Facing the facts boldly is the first obstacle towards reforming and renewing America. The truth is that Washington D.C. has long been taken over by a ruling elite that is willing to murder innocent Americans to implement their agenda of war and domination, and increase their blood-made profits. George Bush's grandfather Prescott Bush failed to overthrow FDR and put Wall Street in charge, but he and his father succeeded. The Bush family's crimes against the American people and America are too long to mention here. In a just and informed America, George W. Bush and his father would be hanged alongside other war criminals.
The fact that America is ruled by power-crazed tricksters and thugs disqualifies the American government from making moral and democratic declarations about the political turmoil in the Middle East. An unjust America can't claim moral superiority over Libya, Iran, Saddam, or the Taliban. Very few governments can lay claim to moral authority in the world today, least of all the United States government. And the United Nations is not much different. We learned last month that the UN Secretary-General Ban Ki-moon does not support a new 9/11 investigation, which means he is not really interested in stopping the needless bloodshed in the war on terror. The United Nations is siding with the guys who have the biggest guns in the room, not the guys with moral authority like Richard Falk, David Ray Griffin, Richard Gage, and millions of others around the world who support a new 9/11 investigation.
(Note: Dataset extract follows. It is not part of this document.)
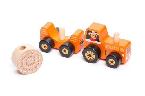 Traktor s vlekom je 3 dielna drevená skladačka s magnetom, ktorý umožňuje ľahké prepojenie jednotlivých dielikov. Balík slamy na vleku je odnímateľným.

Unless there is a new 9/11 investigation that identifies the real murderers behind the 9/11 attacks, followed by new Nuremberg trials, governments in Iran and Libya can say to their captured populations "Look at those murderous hypocrites in the West, do you want to side with them and fight against leaders of your own land, and against your own people?" Of course, this is a half-truth because these governments do not care for the people, but it rings true in the minds of many who rightly see the United States government for what it is: the Great Satan. That is why this half-truth is told often by the dictatorial leaders of Iran and other countries that have risen up against US-Western imperialism. Western governments have zero moral authority.
Until we get our own houses in order, until we stop our Western governments from killing and torturing people in the war on terror, until justice is honored and truth is told in our lands, we have no right to speak on the violence and brutality that is being committed by anti-Western regimes and dictators.